D’autre part, la question vénézuélienne a continué de jouir d’une perception prioritaire pour le gouvernement Bolsonaro. Quasiment absent dans l’agenda des BRRICS, le Venezuela a été au centre de la réunion du groupe de Lima, tenue également en novembre à Brasilia.
La rencontre, organisée sur fond de rapport médiatique évoquant la possibilité de sortie de l’Argentine du nouveau président, Alberto Fernández, a réaffirmé son soutien au président par intérim, Juan Guaidó et à l'Assemblée nationale, en tant que représentants légitimes et élus démocratiquement du peuple vénézuélien, condamnant les manœuvres du régime Maduro visant à saper le dialogue.
Sur un autre registre, celui du sport, le football brésilien a confirmé sa bonne santé ces dernières années. La sélection nationale a été au rendez-vous et a remporté la Copa America, dont la finale, organisée au mythique stade du Maracana de Rio de Janeiro, a vu la nouvelle vedette brésilienne Gabriel Jesus briller de mille feux lors de la victoire 3-1 contre le Pérou.

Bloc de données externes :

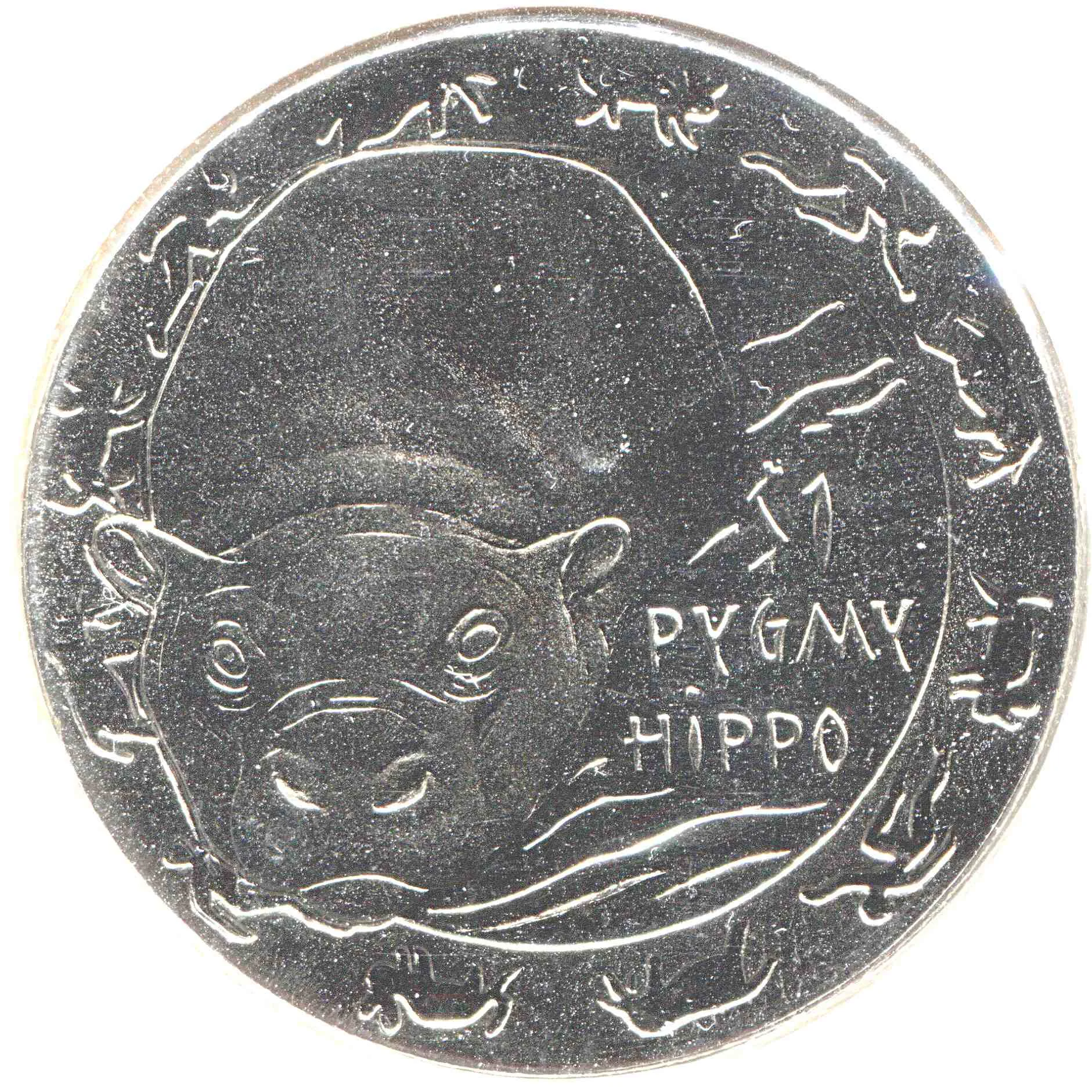 Dwarf hippo facing forward in water. Title on right.
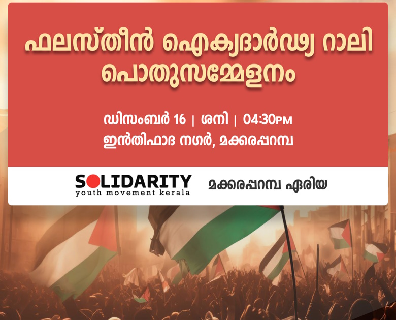 മക്കരപ്പറമ്പ : സോളിഡാരിറ്റി യൂത്ത് മൂവ്മെന്റ് മക്കരപ്പറമ്പ ഏരിയ സംഘടിപ്പിക്കുന്ന ഫലസ്തീൻ ഐക്യദാർഢ്യ റാലിയും പൊതുസമ്മേളനവും ഡിസംബർ 16ന് ശനിയാഴ്ച വൈകീട്ട് 05 മണിക്ക് മക്കരപ്പറമ്പിൽ നടക്കും. പരിപാടിയുടെ വിജയത്തിനായി സ്വാഗത സംഘം രൂപീകരിച്ചു.
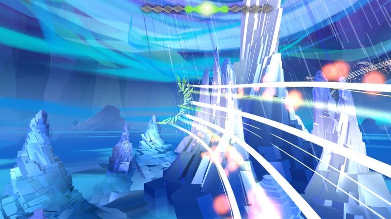 La historia de Entwined refuerza bastante los hermosos y fluidos gráficos que muestra, haciendo totalmente artístico este juego. En Entwined manejaremos dos almas que están enamoradas, una en forma de pez, y otra representando un ave, cada una controlada con el joystick correspondiente a su lado. En el video anexo, se muestra cómo iremos volando a través de una especie de túnel, recolectando figuras de nuestro propio color. Ambas almas no pueden estar juntas, pero cuando por fin logramos hacerlo, se convertirán en un poderoso dragón. Ya me ganaron ahí mismo.
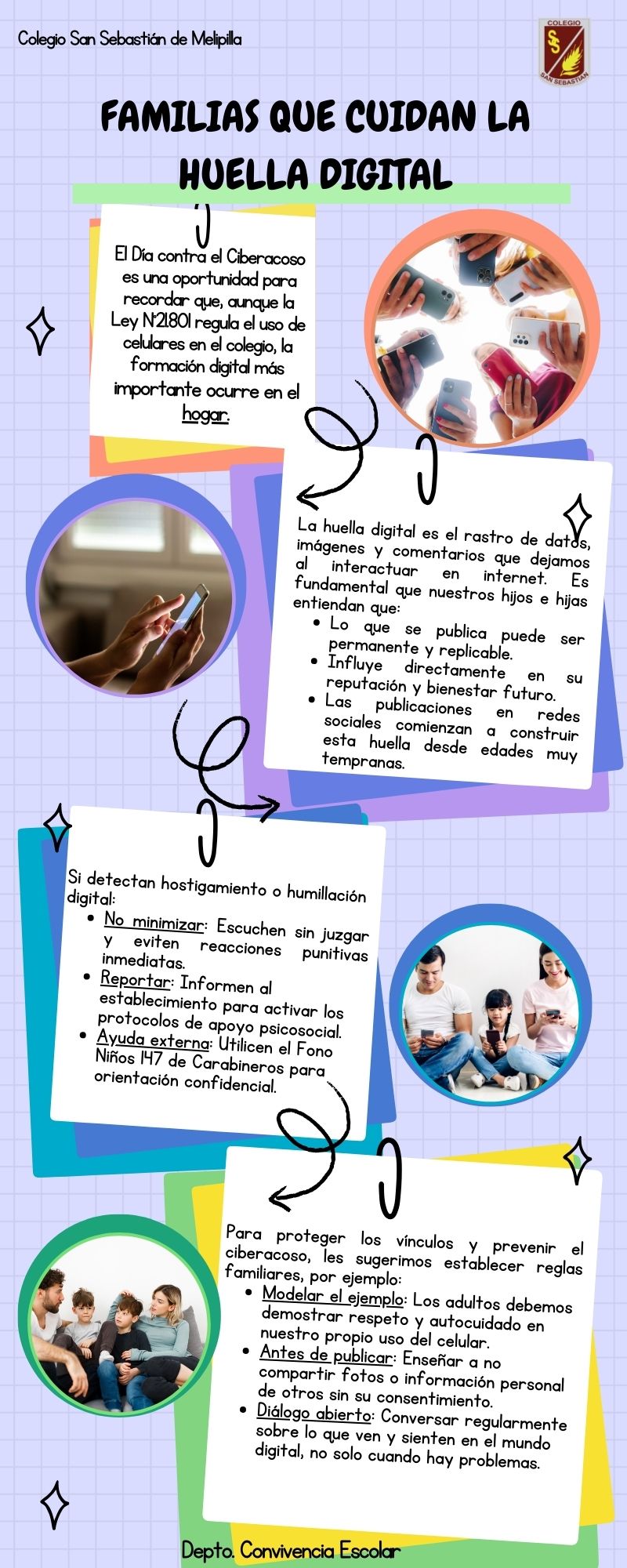 En la era digital, cada comentario, foto o publicación que realizamos en internet deja una huella digital. Por eso, es fundamental que como familias acompañemos y orientemos a nuestros hijos e hijas en el uso responsable de la tecnología.
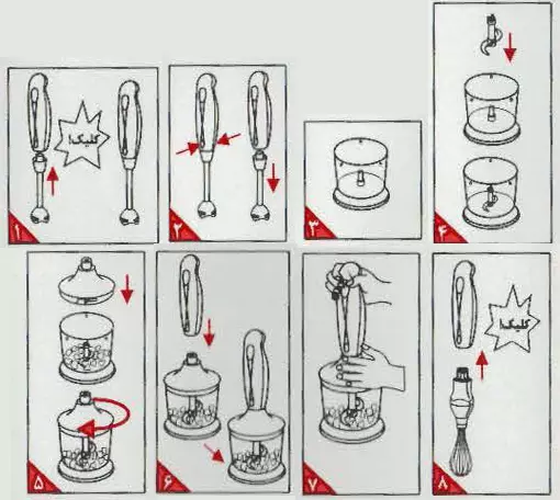 طریقه آماده کردن و روش استفاده: روش باز و بسته کردن: الف) مخلوط کن: 1- روش بستن: برای جاگذاری پایه مخلوط کن روی بدنه موتور، قسمت بالایی پایه را در قسمت سوراخ زیرین بدنه موتور قرار دهید. پایه را به سمت داخل برده و فشار دهید.زمانیکه صدای کلیک شنیده شد، پایه جا خورده است.( شکل 1 )

Un autre Gabriel, Gabigol, s’est fait aussi attirer les projecteurs cette année après avoir conduit le plus célèbre club brésilien, Flamengo (40 millions de supporters), au titre de champion de la Copa Libertadores, la coupe des clubs champions d’Amérique du Sud.
Pays à grande tradition footballistique, le Brésil a également abrité la coupe du monde des moins de 17 ans. Là encore la seleçao a prouvé sa suprématie en allant remporter le quatrième sacre de son histoire aux dépens du Mexique (2-1).

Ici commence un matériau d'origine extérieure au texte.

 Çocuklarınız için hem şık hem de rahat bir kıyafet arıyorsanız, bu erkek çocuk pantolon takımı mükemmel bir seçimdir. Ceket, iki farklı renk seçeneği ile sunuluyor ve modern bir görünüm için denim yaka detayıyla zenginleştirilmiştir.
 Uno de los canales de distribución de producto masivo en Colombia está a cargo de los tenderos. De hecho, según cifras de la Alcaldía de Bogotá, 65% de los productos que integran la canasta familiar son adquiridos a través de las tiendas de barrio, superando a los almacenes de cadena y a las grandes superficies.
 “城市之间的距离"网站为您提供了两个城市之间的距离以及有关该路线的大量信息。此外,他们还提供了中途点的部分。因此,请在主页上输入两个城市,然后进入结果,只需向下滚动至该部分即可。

Le Brésil a également brillé par sa culture en 2019, avec notamment l’organisation de deux événements qui font sa renommée. Le premier est le carnaval de Rio de Janeiro qui a généré un chiffre d’affaires de 3,78 milliards de réais (983 millions de dollars), selon la Mairie de la ville.
L’autre événement majeur est le méga festival Rock in Rio, organisé sept jours durant en septembre avec pas moins de 700.000 spectateurs drainés.
Ainsi, le Brésil, le pays le plus peuplé et le plus gigantesque du continent sud-américain, plie une page 2019 remplie d’évènements politiques à rebondissements et de défis sans précédents pour se tourner vers une nouvelle, qui augure d’un décor politique encore plus imprévisible et d’une reprise économique pressante dans une région mouvementée et contagieuse.